* [Task]: Transcribe each record exactly; skip any picture.

* [Information supplied]:
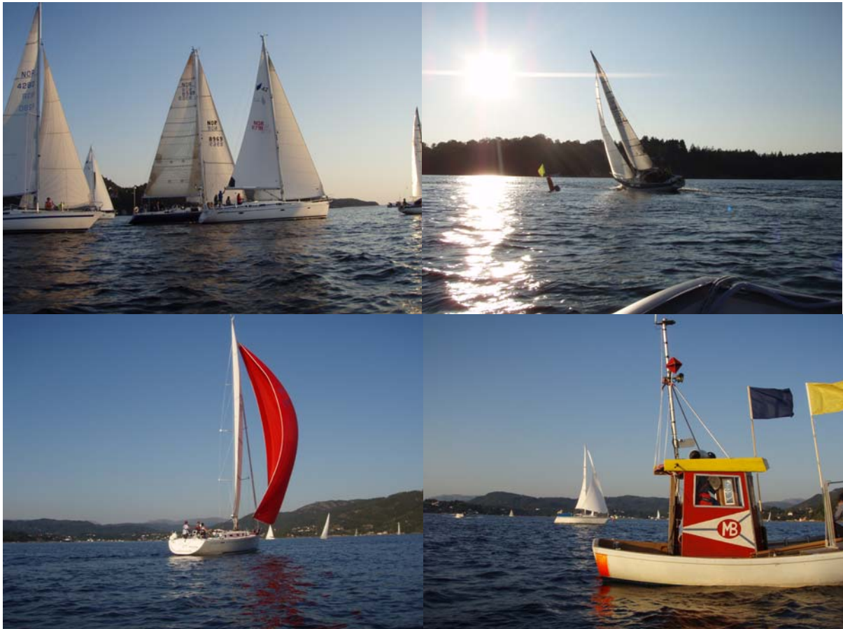
Mildetrimmen 21.august 2007
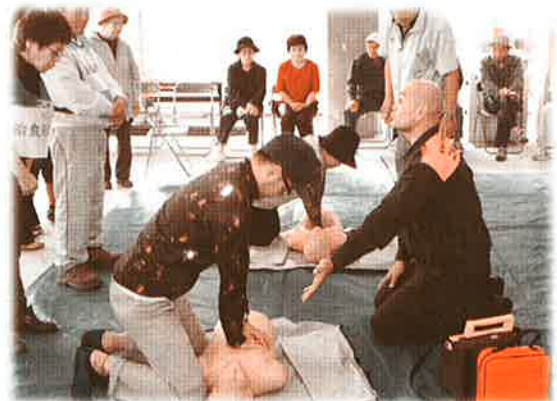
渡具知（心肺蘇生訓練）
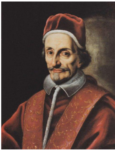
Ő XI. Ince pápa
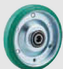
緑ゴム (鋼板ホイル,B入) (WF(Gr))
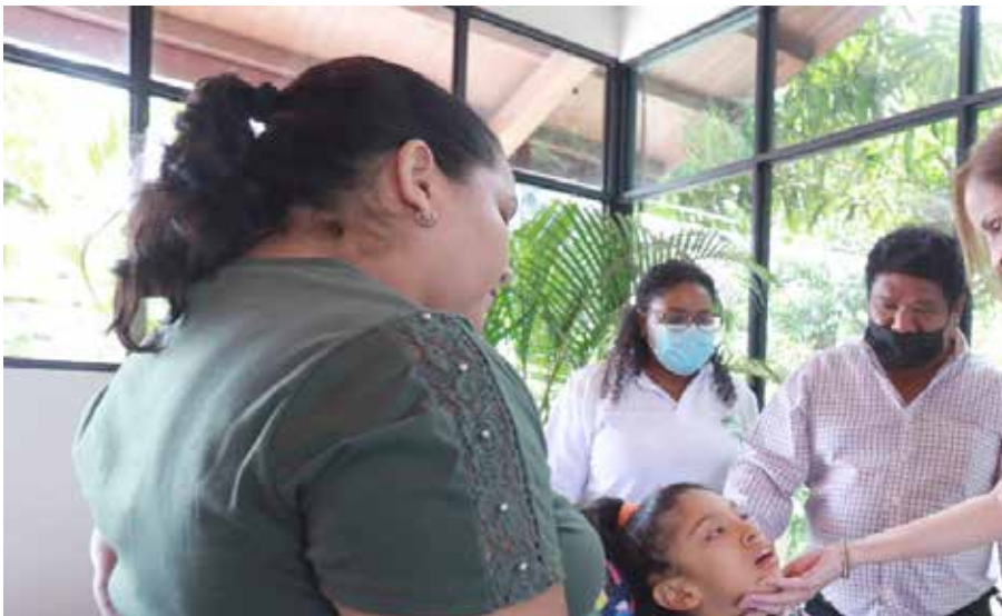
El convenio entre Mapfre, Aprob y Senadis alcanzó a 38 panameños y a sus familias.

La primera dama de la República, Yazmín Colón de Cortizo, participó en la última entrega de implementos para mejorar la calidad de vida de personas con discapacidad, dentro del convenio suscrito entre la Fundación Mapfre, la Asociación Pro Obras de Beneficencia (APROB) y la Secretaría Nacional de Discapacidad (Senadis), que benefició en esta ocasión a seis panameños. Se entregaron cinco coches ortopédicos para menores con distintos diagnósticos (parálisis cerebral, parálisis cerebral espástica, síndrome de West y parálisis cerebral cuadriparesia espástica) y una silla de ruedas especial para una adulta mayor con parálisis cerebral infantil. Colón de Cortizo detalló que se realizaron tres entregas en total, gracias al convenio entre Mapfre, APROB y Senadis, que ha ayudado a mejorar la calidad de vida de 38 panameñas y panameños y sus familias. El contrato de donación con la Fundación Mapfre fue por un monto de B/.75,000.00. Las donaciones entregadas incluyeron audífonos, camas hospitalarias, sillas de ruedas con especificaciones de acuerdo con la condición de cada paciente y coches ortopédicos. El objetivo del convenio es brindar apoyo a la población con discapacidad que se vio afectada por la crisis provocada por el Covid-19.
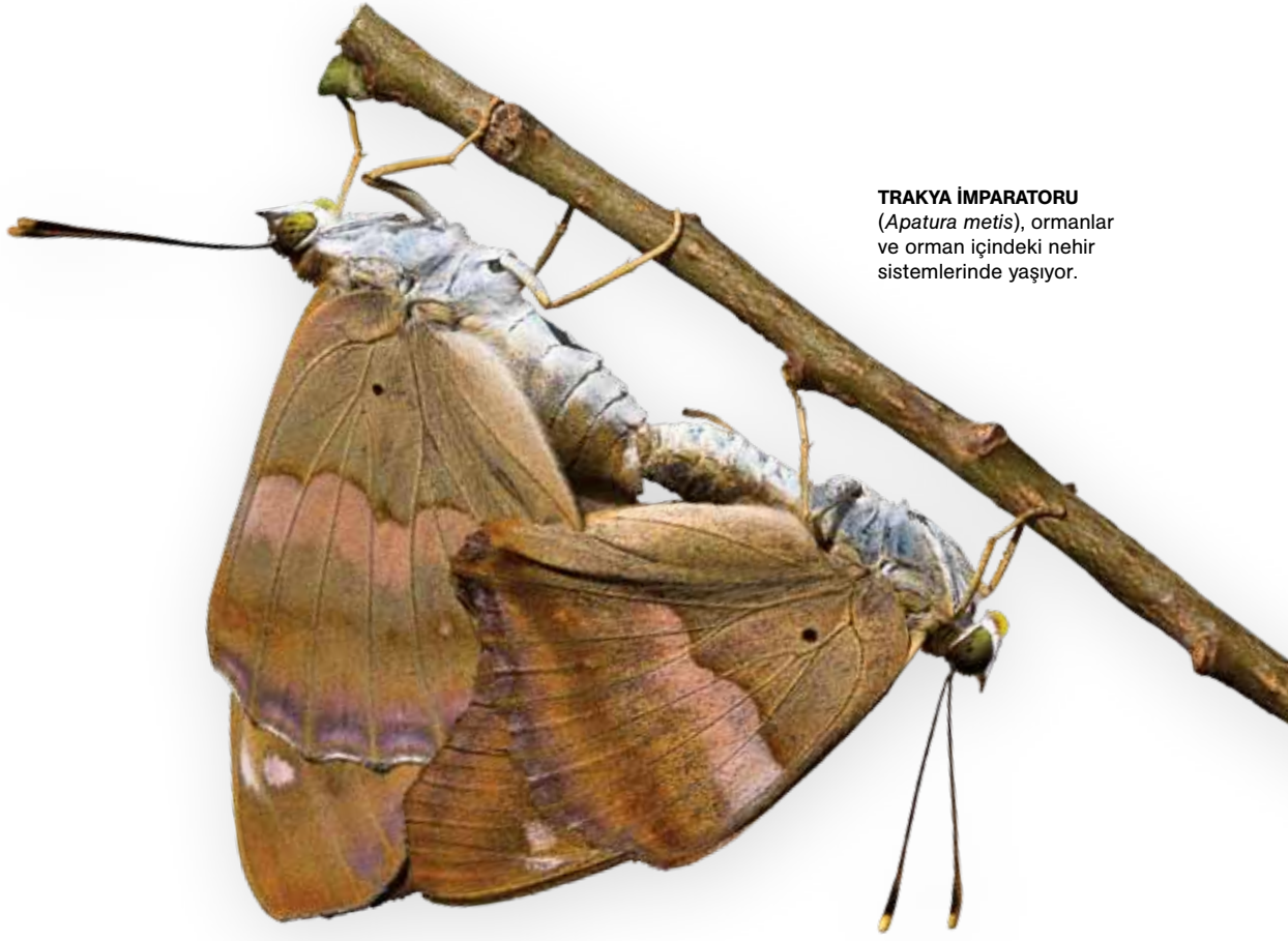
TRAKYA İMPARATORU ( Apatura metis ), ormanlar ve orman içindeki nehir sistemlerinde yaşıyor.
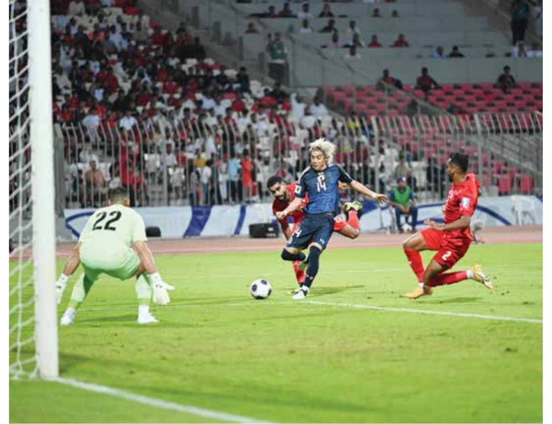
O لقطة من المباراة.

* [Finished exercise]:
Mildetrimmen 21.august 2007
渡具知（心肺蘇生訓練）
Ő XI. Ince pápa
緑ゴム (鋼板ホイル,B入) (WF(Gr))
El convenio entre Mapfre, Aprob y Senadis alcanzó a 38 panameños y a sus familias.

La primera dama de la República, Yazmín Colón de Cortizo, participó en la última entrega de implementos para mejorar la calidad de vida de personas con discapacidad, dentro del convenio suscrito entre la Fundación Mapfre, la Asociación Pro Obras de Beneficencia (APROB) y la Secretaría Nacional de Discapacidad (Senadis), que benefició en esta ocasión a seis panameños. Se entregaron cinco coches ortopédicos para menores con distintos diagnósticos (parálisis cerebral, parálisis cerebral espástica, síndrome de West y parálisis cerebral cuadriparesia espástica) y una silla de ruedas especial para una adulta mayor con parálisis cerebral infantil. Colón de Cortizo detalló que se realizaron tres entregas en total, gracias al convenio entre Mapfre, APROB y Senadis, que ha ayudado a mejorar la calidad de vida de 38 panameñas y panameños y sus familias. El contrato de donación con la Fundación Mapfre fue por un monto de B/.75,000.00. Las donaciones entregadas incluyeron audífonos, camas hospitalarias, sillas de ruedas con especificaciones de acuerdo con la condición de cada paciente y coches ortopédicos. El objetivo del convenio es brindar apoyo a la población con discapacidad que se vio afectada por la crisis provocada por el Covid-19.
TRAKYA İMPARATORU ( Apatura metis ), ormanlar ve orman içindeki nehir sistemlerinde yaşıyor.
O لقطة من المباراة.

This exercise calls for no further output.